## Hypothesis Testing Assignment

In [1]:
#Importing necessary packages
import pandas as pd
import numpy as np
# package with hypothesis tests
import scipy.stats as st

### Data

You can download the data from [**here**](https://drive.google.com/file/d/0Bz9_0VdXvv9bUUNlUTVrMF9VcVU/view?usp=sharing&resourcekey=0-16O9Fc5eaJH99-M7AHqHOg). The data contains results of all NBA games from seasons 2013/2014 to 2015/2016.

In [2]:
df = pd.read_csv('nba_games_13_15.csv', sep=';')

In [3]:
df.head()

Unnamed: 0,SEASON_ID,TEAM_ID,TEAM_ABBREVIATION,TEAM_NAME,GAME_ID,GAME_DATE,MATCHUP,WL,MIN,PTS,...,FT_PCT,OREB,DREB,REB,AST,STL,BLK,TOV,PF,PLUS_MINUS
0,22015,1610612750,MIN,Minnesota Timberwolves,21501226,2016-04-13,MIN vs. NOP,W,240,144,...,0.826,5,38,43,41,14,8,13,20,35.0
1,22015,1610612749,MIL,Milwaukee Bucks,21501225,2016-04-13,MIL vs. IND,L,240,92,...,0.846,7,36,43,23,8,3,15,15,-5.0
2,22015,1610612738,BOS,Boston Celtics,21501217,2016-04-13,BOS vs. MIA,W,240,98,...,0.864,10,29,39,20,7,3,7,20,10.0
3,22015,1610612747,LAL,Los Angeles Lakers,21501228,2016-04-13,LAL vs. UTA,W,239,101,...,0.867,8,39,47,19,6,3,13,17,5.0
4,22015,1610612739,CLE,Cleveland Cavaliers,21501220,2016-04-13,CLE vs. DET,L,265,110,...,0.733,8,35,43,21,4,7,10,23,-2.0


In [4]:
df.columns

Index(['SEASON_ID', 'TEAM_ID', 'TEAM_ABBREVIATION', 'TEAM_NAME', 'GAME_ID',
       'GAME_DATE', 'MATCHUP', 'WL', 'MIN', 'PTS', 'FGM', 'FGA', 'FG_PCT',
       'FG3M', 'FG3A', 'FG3_PCT', 'FTM', 'FTA', 'FT_PCT', 'OREB', 'DREB',
       'REB', 'AST', 'STL', 'BLK', 'TOV', 'PF', 'PLUS_MINUS'],
      dtype='object')

--------------
### Task 1
Split the data into **3** separate dataframes for each NBA season!

In [4]:
# Split the DataFrame based on 'SEASON_ID'
df_2013 = df[df['SEASON_ID'] == 22013]
df_2014 = df[df['SEASON_ID'] == 22014]
df_2015 = df[df['SEASON_ID'] == 22015]

---------------
### Task 2
Test the hypothesis that the offensive productions stats of the Cleveland Cavaliers and Golden State Warriors (the teams that met in the finals that year) were from the same distribution in the 2015/2016 season.

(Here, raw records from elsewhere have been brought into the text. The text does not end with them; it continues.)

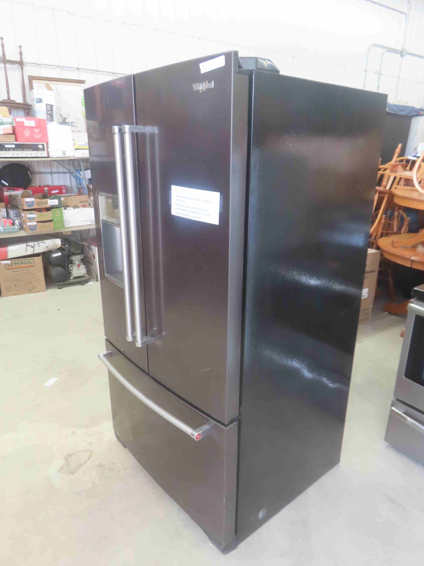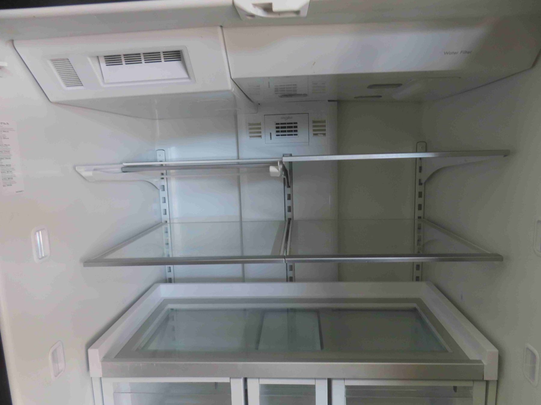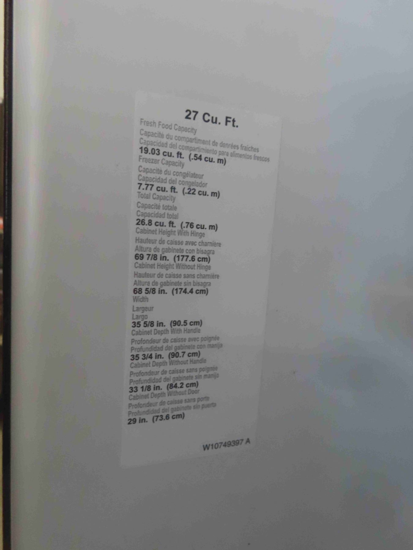 Whirlpool Side by Side Fridge with Bottom Freezer 70'' x 36'' x 32'' - Appears New or Like-New , Some Damage. One Dent on Side, Surface Scratch on Front (See Photos)
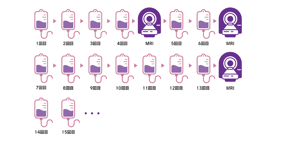 ・薬剤投与は点滴で行います。1回の投与は約30分~1時間かかります。
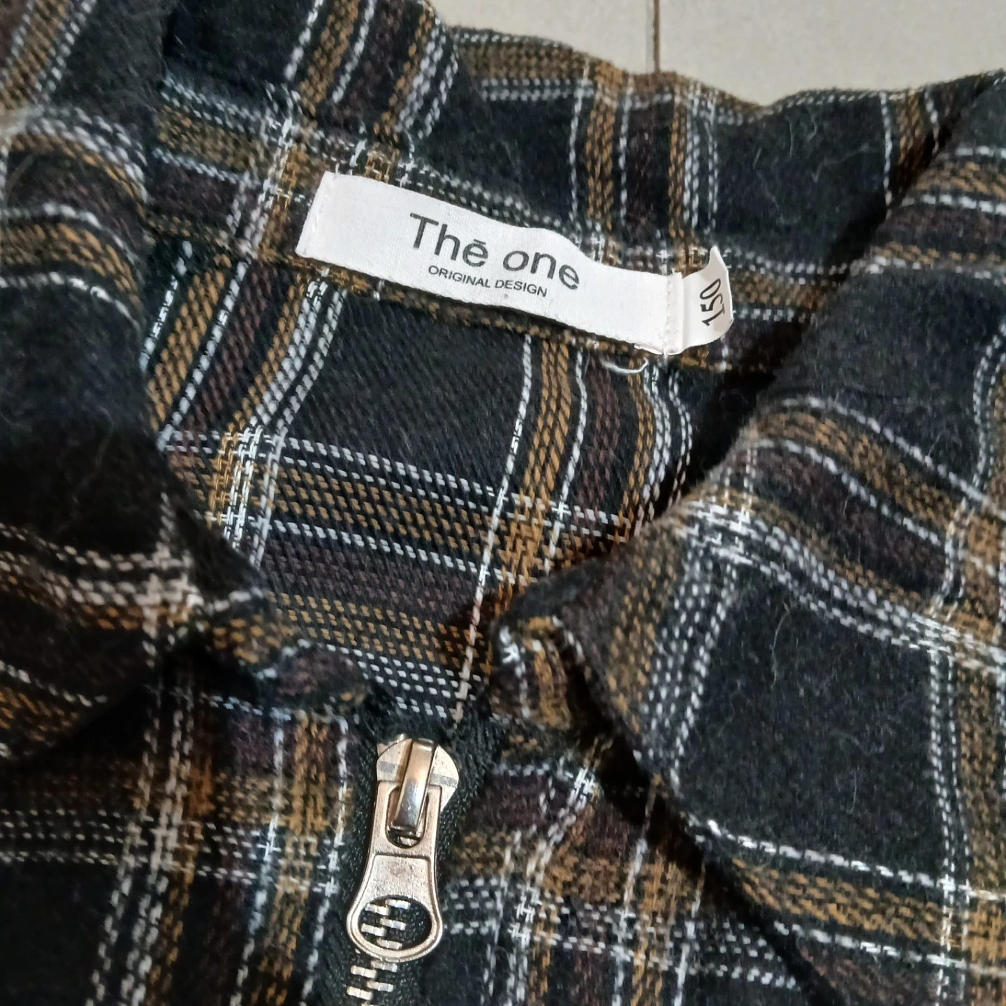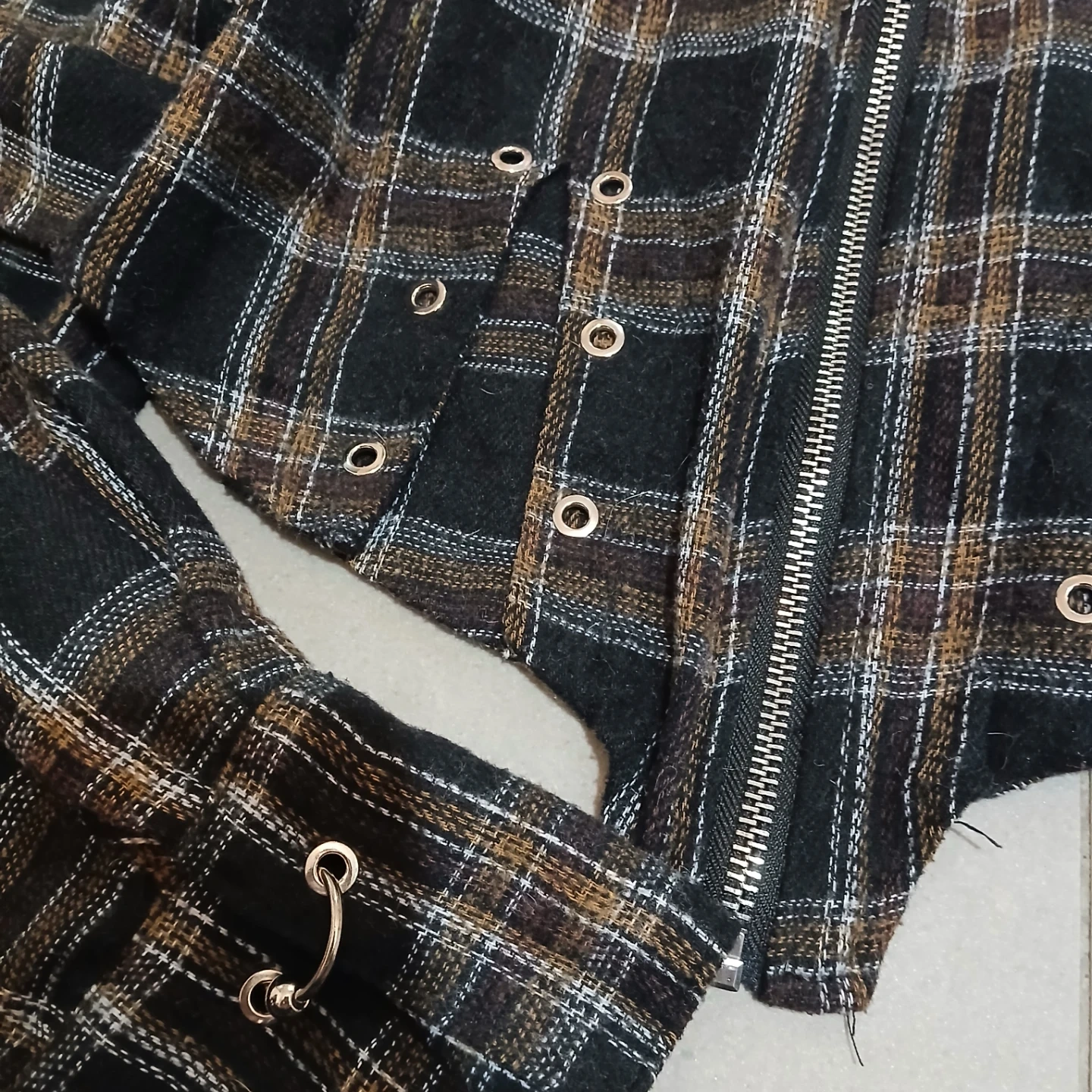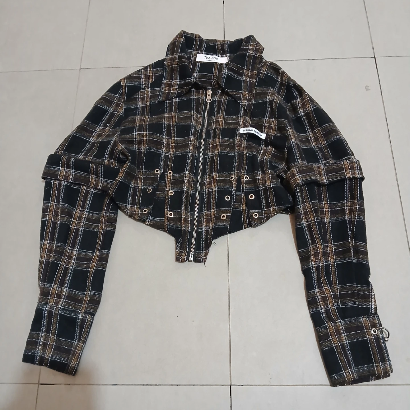 This cropped jacket features a black, brown, and white plaid pattern with a silver zipper. It has decorative eyelets along the hem and cuffs. Made by The One Original Design.

Offensive production refers to two variables: **PTS (Points)** and **FG_PCT (Field Goal Percentage)**. We will need to do two separate hypothesis tests, one for each variable.

- Null Hypothesis (H0): The offensive production stats (PTS and FG_PCT) of the Cleveland Cavaliers and Golden State Warriors come from the same distribution in the 2015 season.
- Alternative Hypothesis (H1): The offensive production stats (PTS and FG_PCT) of the Cleveland Cavaliers and Golden State Warriors do not come from the same distribution in the 2015 season.

In [7]:
from scipy.stats import mannwhitneyu

# Filter data for the two teams
cavs = df_2015[df_2015['TEAM_NAME'] == 'Cleveland Cavaliers']
warriors = df_2015[df_2015['TEAM_NAME'] == 'Golden State Warriors']

# Perform Mann-Whitney U test for 'PTS'
stat, p = mannwhitneyu(cavs['PTS'], warriors['PTS'])
print('Statistics=%.3f, p=%.3f' % (stat, p))

# Interpretation
alpha = 0.05
if p > alpha:
    print('Same distribution (fail to reject H0) for PTS')
else:
    print('Different distribution (reject H0) for PTS')

# Perform Mann-Whitney U test for 'FG_PCT'
stat, p = mannwhitneyu(cavs['FG_PCT'], warriors['FG_PCT'])
print('Statistics=%.3f, p=%.3f' % (stat, p))

# Interpretation
if p > alpha:
    print('Same distribution (fail to reject H0) for FG_PCT')
else:
    print('Different distribution (reject H0) for FG_PCT')

Statistics=1683.500, p=0.000
Different distribution (reject H0) for PTS
Statistics=2452.500, p=0.003
Different distribution (reject H0) for FG_PCT


Interpretation of the results:

1. For 'PTS' (Points):
   - The Mann-Whitney U statistic is 1683.500. This is the sum of the ranks in the two samples.
   - The p-value is 0.000, which is less than the alpha level of 0.05. This means rejecting the null hypothesis that the 'PTS' for the Cleveland Cavaliers and Golden State Warriors come from the same distribution in the 2015 season. The data suggests that the 'PTS' for the two teams come from different distributions.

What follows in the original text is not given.